Да вот хотя бы вчера, когда меня, веселую и беззаботную, ничего не подозревающую, доставили сюда ваши друзья, и я чуть было не наткнулась беспечно на ваш гроб, — вчера еще я в слепоте своей верила в возможность подобного существования; вчера, отбросив всякие приличия, к которым хранила в глубине души уважение, забыв о благочестивых уроках моей юности, я, преодолев с помощью моего инкогнито общественные барьеры, вошла в этот дом с высоко поднятой головой. Морис, я увидела вашу мать, увидела вашу жену, снова увидела вас, и все мое бесстыдство спало с меня, как падает при первом же ударе плохо пригнанная и плохо закаленная броня.

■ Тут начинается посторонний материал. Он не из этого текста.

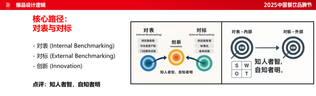 模塊化以外,還要透明化。所有的程序要重新規(guī)范,對(duì)外要“對(duì)標(biāo)”。企業(yè)一定要找到自己的標(biāo)桿,比如對(duì)標(biāo)一個(gè)上市企業(yè),所有的數(shù)據(jù)都可以查得到,成本結(jié)構(gòu)、供應(yīng)鏈效率、人效坪效數(shù)據(jù),它是怎么做的?你可以進(jìn)行對(duì)標(biāo)。對(duì)內(nèi)則要“對(duì)表”,對(duì)表內(nèi)部的供應(yīng)鏈優(yōu)勢(shì)清單、中央廚房產(chǎn)能報(bào)表、門(mén)店服務(wù)流程SOP。在清晰的自我認(rèn)知中,發(fā)現(xiàn)降本空間和市場(chǎng)差異性。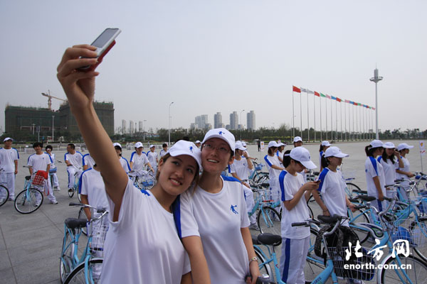 天津北方網訊:3日下午,2010天津夏季達沃斯論壇城市志愿者騎行隊成立暨“綠色騎行、快樂低碳”宣傳活動啟動儀式在梅江會展中心前廣場舉行。200位志愿者騎行隊員將深入本市主要街道和居民社區,向市民和游客廣泛宣傳天津夏季達沃斯論壇和低碳環保理念。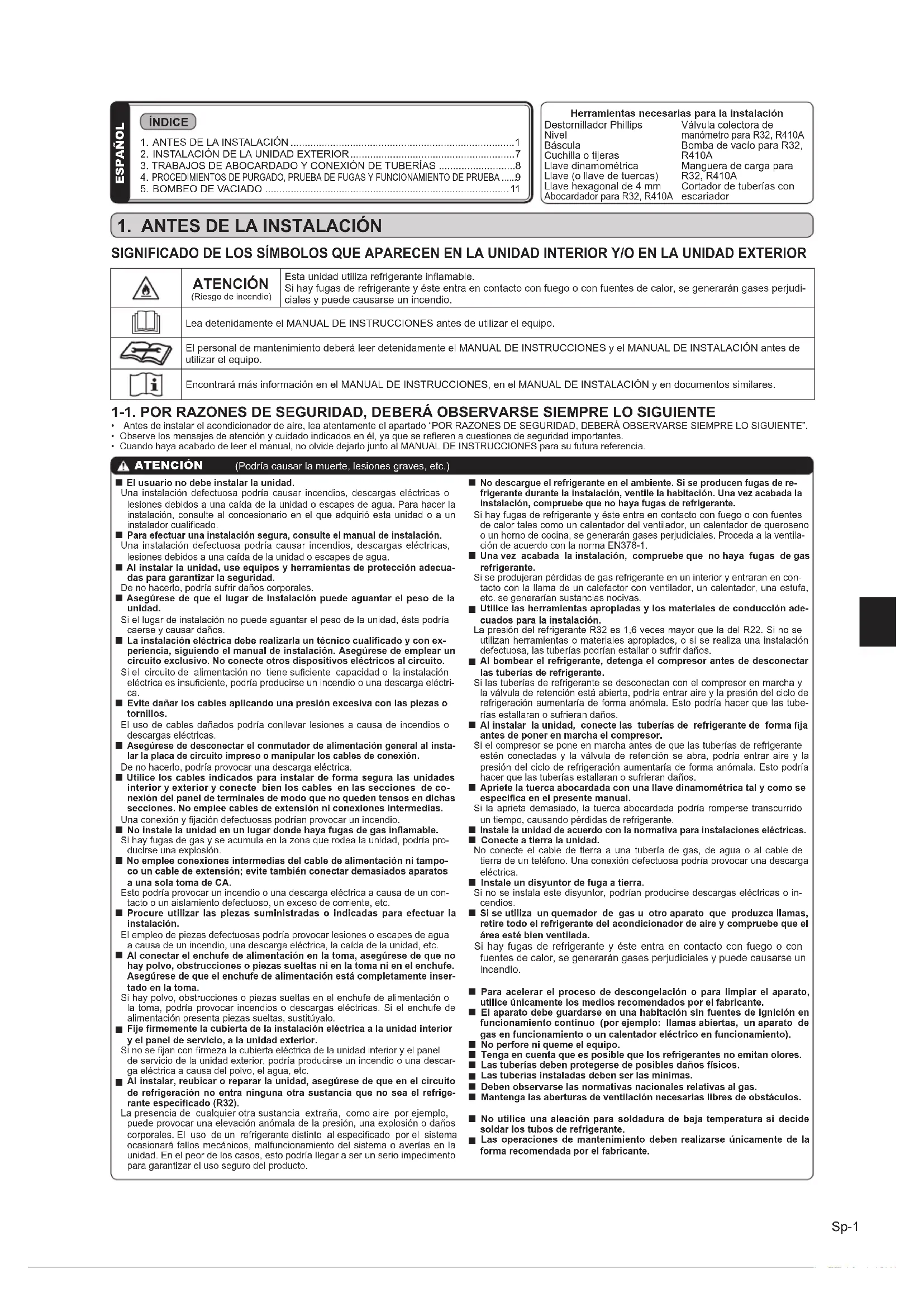 Las operaciones de mantenimiento deben realizarse únicamente de la forma recomendada por el fabricante. Herramientas necesarias para la instalación Destornillador Phillips Nivel Báscula Cuchilla o tijeras Llave dinamométrica Llave (o llave de tuercas) Llave hexagonal de 4 mm Abocardador para R32, R410A Válvula colectora de manómetro para R32, R410A Bomba de vacío para R32, R410A Manguera de carga para R32, R410A Cortador de tuberías con escariador ESPAÑOL ATENCIÓN (Podría causar la muerte, lesiones graves, etc.) 1-1. POR RAZONES DE SEGURIDAD, DEBERÁ OBSERVARSE SIEMPRE LO SIGUIENTE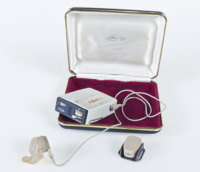 Gehoorapparaat met los onderdeel, in een doosje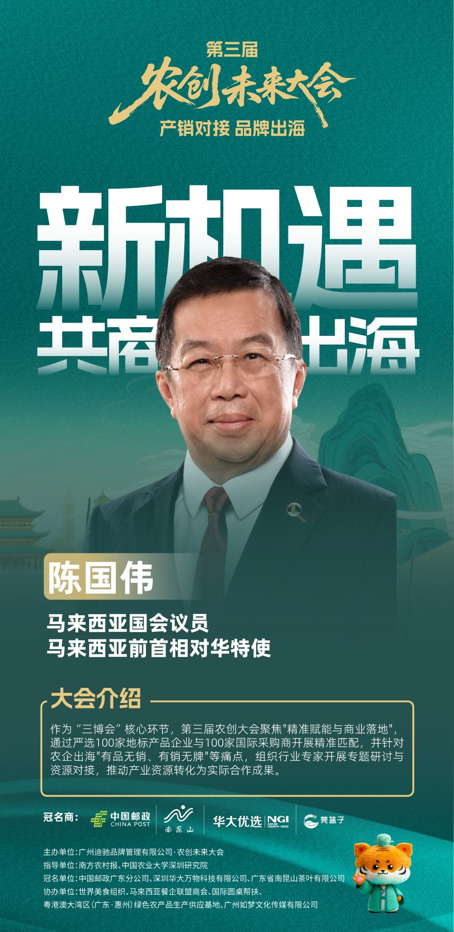 行动大会重磅亮点,马来西亚出任主宾国,马来西亚国会议员、前对华特使陈国伟将亲临4月10日13:30举办的农创异日大会峰会并致辞。届时,马来西亚官方采购团将携精确采购需求亮相,蚁集100余家海表里采购商现场对接,为中国优质农家具、预制菜、农业科技家具买通东南亚市集“纵贯车”。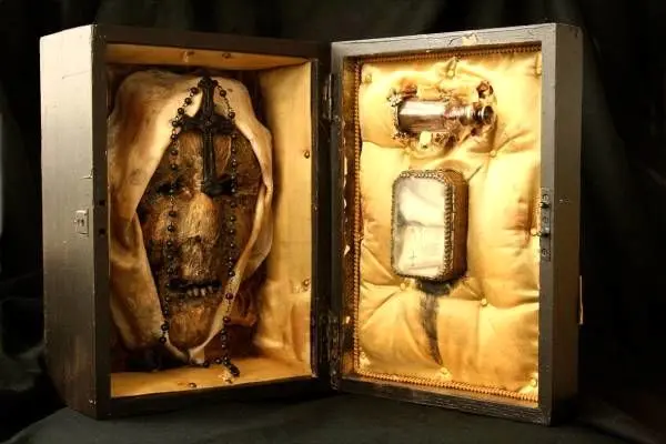 در جعبه چوبی چهار شی پر اهمیت از او نگهداری میشود ؛ بخش جلوی حفظ شده از جمجمه و چهره اش، یک بطری خون او که در یک ظرف شیشه ای نگه داشته شده و در یک برگ طلا قفل موهای او و قطعه رساله دوم او است. خون و پوست مورد تجزیه و تحلیل قرار گرفته و دارای صفات ژنتیکی منحصر به فرد هستند تا اواسط دهه نود، اینها به یک نسل نادر تقسیم شدند.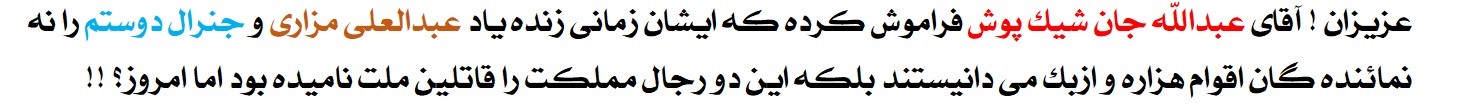 و حتی گاهی برای سرور قلب ملول و بیمار شان متوصل به داستان های غیر واقعی میگردند .توضیح واضحات پیرامون خبر فوق آن است که نه تنها عده ای کثیری از فرماندهان جنگ های تباه کننده درافغانستان وعبدالله عبدالله رئیس “شورای عالی معامله “در مراسم  پذیرائی و استقبال از دوستم این مارشال گلم جمعی حضور داشتند بلکه برخلاف آنچه که جلالتمآب عبدالله عبدالله رئیس شورای عالی معامله ” مصالحه ” جنرال دوستم را عامل قتل هزاران تن از ازبک های شریف این کشور خوانده بود این بار وی را الحاج مارشال عبدالرشید دوستم نامید واز شاکر کارگر که ازازبکتباران وابسته به جنبش رشید دوستم در ارگ محسوب میشود با چنین ادبیاتی درخواست بعمل آورد : از جناب کارگرصاحب برادر عزیز ما  شاکر کارگر رئیس دفتر مقام ریاست جمهوری اسلامی  افغانستان که تشریف دارند وفرمانی  قرئت میکنند حضورشانرا هم خیر مقدم میگوئیم …آقای شاکر کارگرکه گفته میشود آنگاهی که جنرال اسکات میلر به همراهی اسدالله خان خالد که وی نیز دارایی قصه های هزار شب خاصی است به  نزد جنرال دوستم  رفت برای اشرف غنی دستور داده شد تا شاکر کارگر را در جهت سهل کاریی امور به حیث رئیس دفتر به عنوان مهره ارتباطی جنرال اسکات میلردر   اما مسخره ترین استقبال غیرحضوری و نهایت متملقانه ای که متولی حرم سرای وهمسررولاجان سعد محمد اشرف غنی همزمان با اجلال نزول جلالتمآب الحاج پهلوان رشید خان دوستم برخاک مقدس کابلستان از پهلوان بعمل آورد حکایتی بوده که جناب محمد اشرف خان غنی از معده مبارکه اش در آورده  بود وهمیشه  به عنوان یک نسخه مجرب و کم هزینه  برای شکار وتطمیع مخالفان به کاربرده است  که جلالتمآب رئیس غنی بدون مقدمه و انگیزه خاطره چند سال قبل اش را که متعلق به دوران پرافتخار انتخابات  ریاست جمهوری اش بوده می فرمایند : درانتخابات ازمن سوال کردند که سیاست خارجی ات را ازکجا شروع میکنی ؟یاد تان هست که من گفتم ازترکمنستان!کلی نخندیدند ؟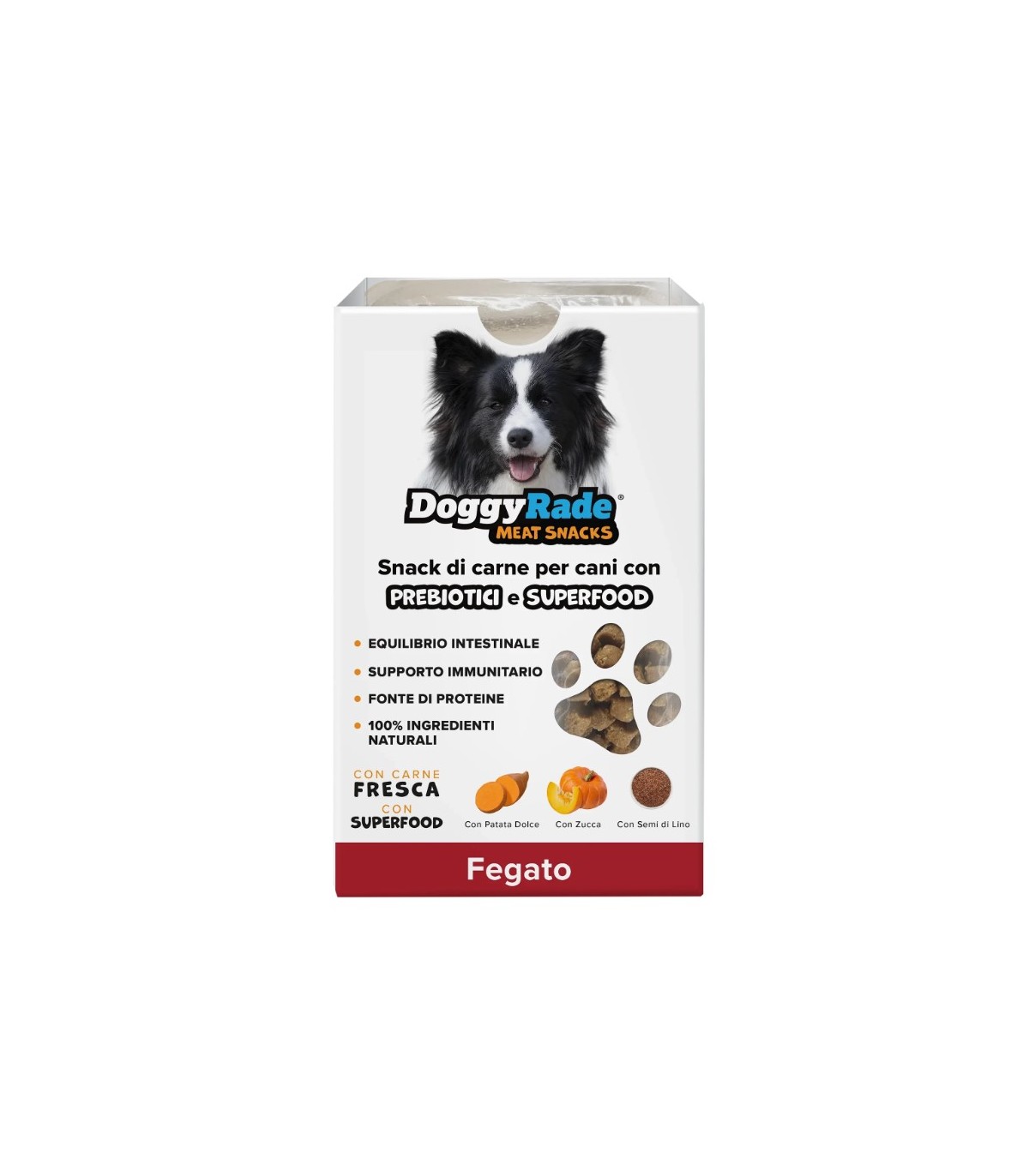 Doggyrade Meat Snacks - con Prebiotici e Superfood sono snack di carne semiumidi per cani. Realizzati con carne fresca e ingredienti naturali al 100%, questi gustosi snack funzionali contengono prebiotici e superfood, tra cui patata dolce, zucca e semi di lino.

Морис, все это неспроста, и вовсе не случай позволил этим легкомысленным молодым людям, в чьих руках я была игрушкой, привезти меня сюда. И тайна, что я хотела бы скрыть даже от самой себя, разглашена была тоже не напрасно; громко прозвучавшее имя моего отца разорвало цепь, приковавшую меня к позору, оно пробудило в моем сердце запрятанное глубоко чувство сословного достоинства, возродило стремление к благородным поступкам и желание чистой жизни. Морис, у меня достало мужества скрыть от вас, что я несчастная девушка благородного происхождения, сброшенная с вершины высшего света на дно общества. Мне не хотелось, чтобы вы осознали путь, проделанный мною, когда я спустилась туда, где вы меня нашли; но вы, с вашим возвышенным прозорливым сердцем, вы угадали это, да? Я никогда не осмеливалась признаться вам, что мой несчастный отец, умерший на поле брани на руках наследного принца, принадлежал к старинному роду дворян, всегда готовых пролить кровь если не ради своей страны, то, во всяком случае, ради своего короля. В вашем аристократическом доме я как бы вновь обрела своих предков, имевших полное право быть принятыми здесь как ровня. Морис, я призываю их себе на помощь, я умоляю их о защите и в обмен на ту помощь, что они окажут мне в борьбе против вас, а главное, против меня самой, о, я им всем сердцем обещаю омыть своими слезами запятнанный мною старинный герб.